Leave the pictures out and reproduce, exactly, the lines from the one with "Lámina estilo nórdico" through the end of the entries below.

= = = = =

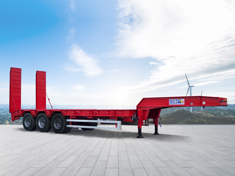 La semi-remorque surbaissée 4 essieux COMET transporte jusqu’à 55 tonnes, avec une plateforme de 1 m de hauteur et 12,5 m de longueur.
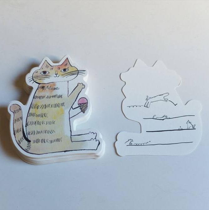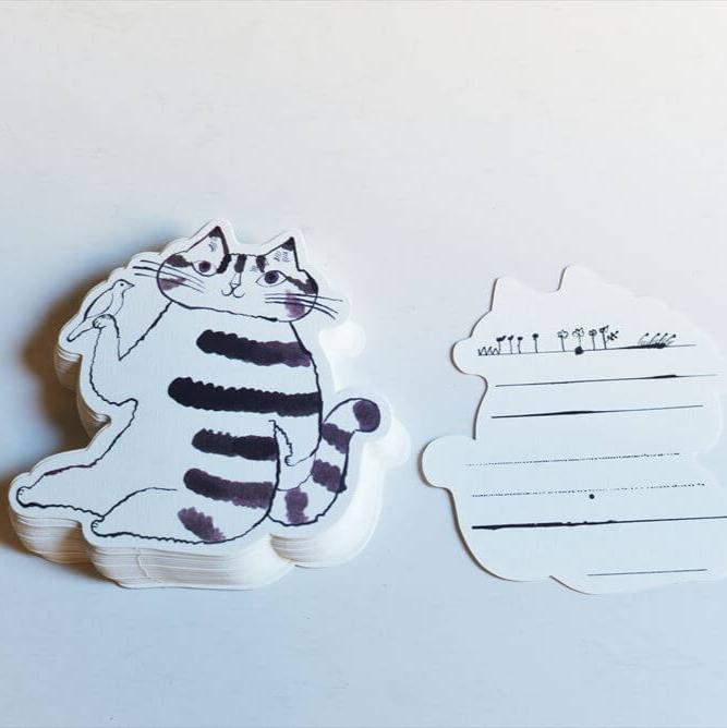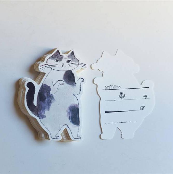 These whimsical cat-shaped die-cut cards by Toranekobonbon capture the playful and unique spirit of each feline. Perfect for letters, journaling, gift-wrapping, or display, each card features adorable illustrations on the front with subtle line art on the back for notes or small messages.
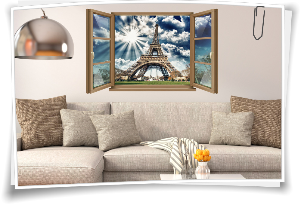 Wand-Tattoo Wand-Bild Fenster Eiffelturm Paris Frankreich Europa Sonne Wolken Aufkleber Folie Deko
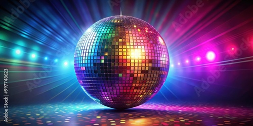 Colorful rendering of a disco ball, disco ball, colorful, rendering, dance party, nightclub, mirror ball, reflection
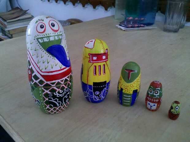 el segundo set que hice es más colorido... Utilicé pinturas acrílicas. utiliza blanco llano como una capa de base... y luego trabajó en los otros colores.
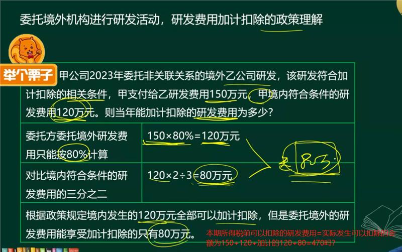 80是加计扣除计算的基数,如果是研发费用的话 是80*100%,形成无形资产的是80*200%=160 是150+120+120的加计扣除金额+80或者160的。
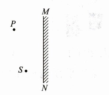 4. 如下图所示,S为发光点,请在图中画出发光点S在平面镜MN中所成像S'的位置,并画出由S点发出,经平面镜反射后通过P点的光线。
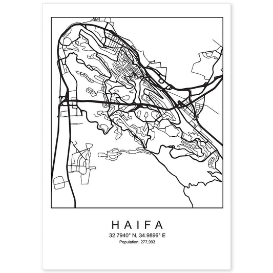 Lámina estilo nórdico del mapa de Haifa en blanco y negro
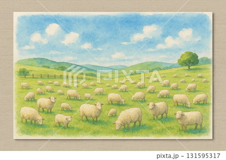 水彩画調の羊,羊のイラスト,Generative AI,AI画像
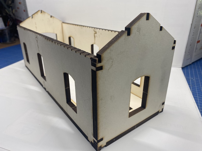 Après mise en peinture à l’acrylique, poursuite de la construction avec l’installation des entourages de fenêtres, des ceintures en pierre haut et bas, après les avoir gravés.

= = = = =

Your response:
 Lámina estilo nórdico del mapa de Haifa en blanco y negro
 水彩画調の羊,羊のイラスト,Generative AI,AI画像
 Après mise en peinture à l’acrylique, poursuite de la construction avec l’installation des entourages de fenêtres, des ceintures en pierre haut et bas, après les avoir gravés.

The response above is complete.